(SOURCE MATERIAL begins)
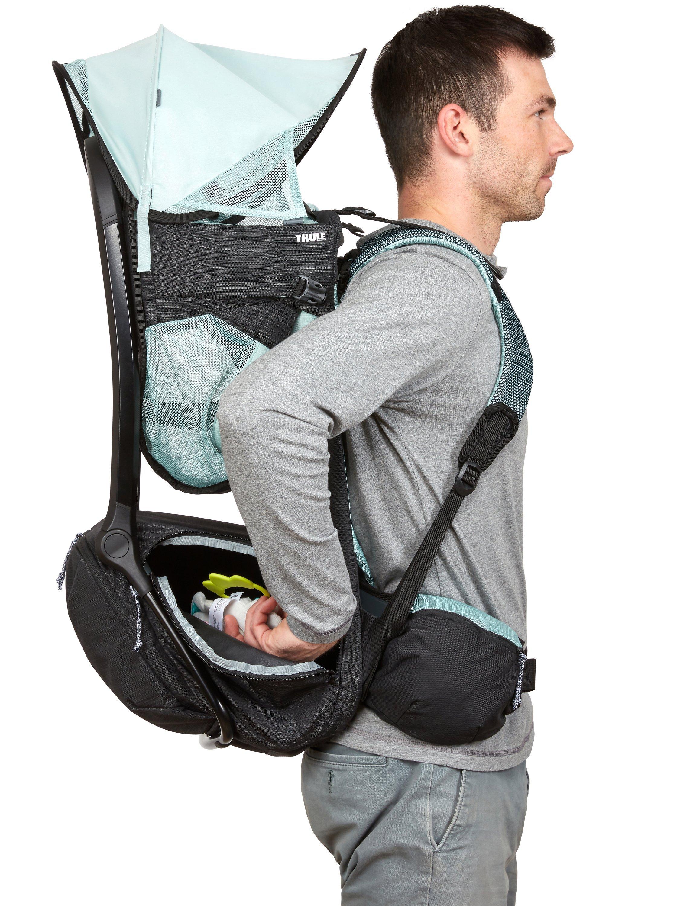 The ErgoRide child seat keeps your child comfortable and cool with ample underleg support and a ventilated back panel and sitting area. It comes with an easily deployable UPF 50 sunshade that protects your child and keeps them cool. It also has a fully adjustable torso and hip belt that provide a perfect fit, a comfortable carry and a quick transition from parent to parent. The fully ventilated back panel keeps parents comfortable and cool. There's even easy storage thanks to the 22L gear compartment that can be easily accessed through convenient side zippers while wearing the pack.
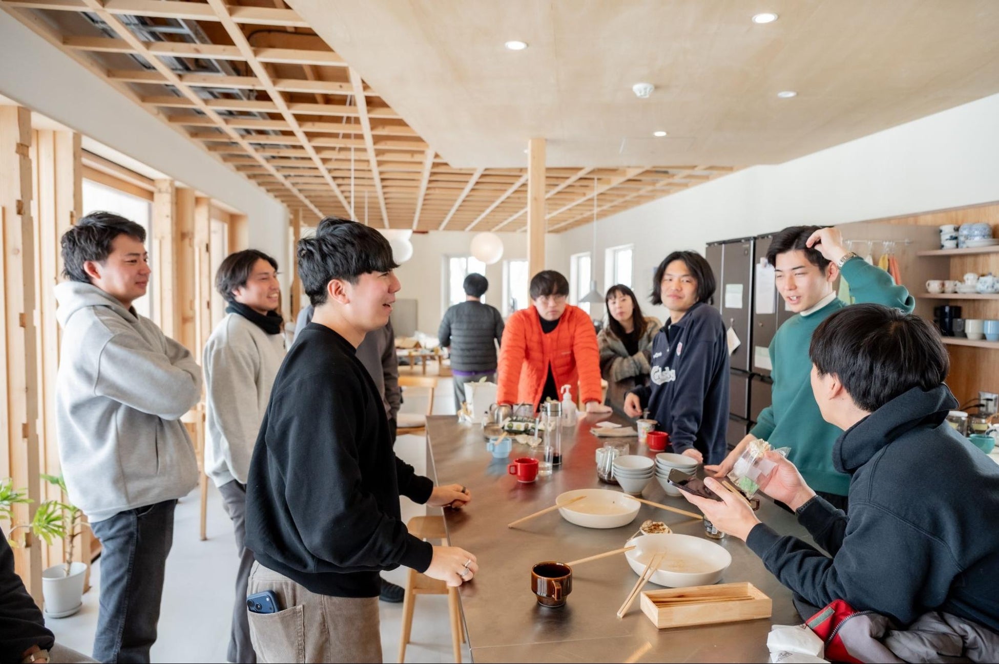 旭川市在住、木こりであり森林ガイドの清水省吾さんを講師に迎え、雪山へ。森の生態系から「支え合う構造」を学び、チームのあり方を考える機会としました。また、シビアな自然環境の中でのフィールドワークを、チーム全員で成し遂げたことは、チームの結束を高めていました。夕食づくりも、チームビルディングを意識。仕事とは異なる目的に向かって協働することで、メンバーの新たな一面を発見する時間になりました。
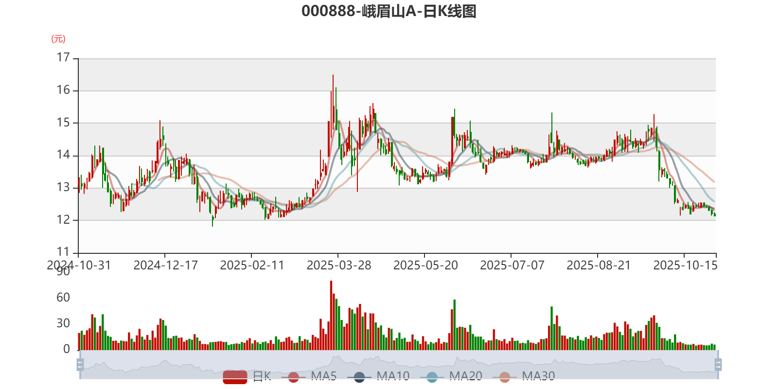 以10月30日收盘价计算,峨眉山A目前市盈率(TTM)约为28.44倍,市净率(LF)约2.35倍,市销率(TTM)约6.8倍。
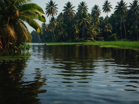 A tranquil river scene featuring lush palm trees alongside calm waters, reflecting soft clouds above. Perfect for evoking serenity and natural beauty.
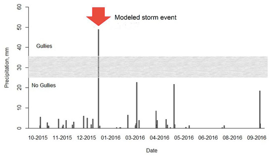 Daily rainfall time series for the 2016 water year. The grey box represents the rainfall threshold (~25–35 mm) for gully formation observed in the study area.
(SOURCE MATERIAL ends)
### TASK INSTRUCTIONS
A precise repetition of every entry, free of pictures, is the expected answer.

### RESULT OF THE TASK
 The ErgoRide child seat keeps your child comfortable and cool with ample underleg support and a ventilated back panel and sitting area. It comes with an easily deployable UPF 50 sunshade that protects your child and keeps them cool. It also has a fully adjustable torso and hip belt that provide a perfect fit, a comfortable carry and a quick transition from parent to parent. The fully ventilated back panel keeps parents comfortable and cool. There's even easy storage thanks to the 22L gear compartment that can be easily accessed through convenient side zippers while wearing the pack.
 旭川市在住、木こりであり森林ガイドの清水省吾さんを講師に迎え、雪山へ。森の生態系から「支え合う構造」を学び、チームのあり方を考える機会としました。また、シビアな自然環境の中でのフィールドワークを、チーム全員で成し遂げたことは、チームの結束を高めていました。夕食づくりも、チームビルディングを意識。仕事とは異なる目的に向かって協働することで、メンバーの新たな一面を発見する時間になりました。
 以10月30日收盘价计算,峨眉山A目前市盈率(TTM)约为28.44倍,市净率(LF)约2.35倍,市销率(TTM)约6.8倍。
 A tranquil river scene featuring lush palm trees alongside calm waters, reflecting soft clouds above. Perfect for evoking serenity and natural beauty.
 Daily rainfall time series for the 2016 water year. The grey box represents the rainfall threshold (~25–35 mm) for gully formation observed in the study area.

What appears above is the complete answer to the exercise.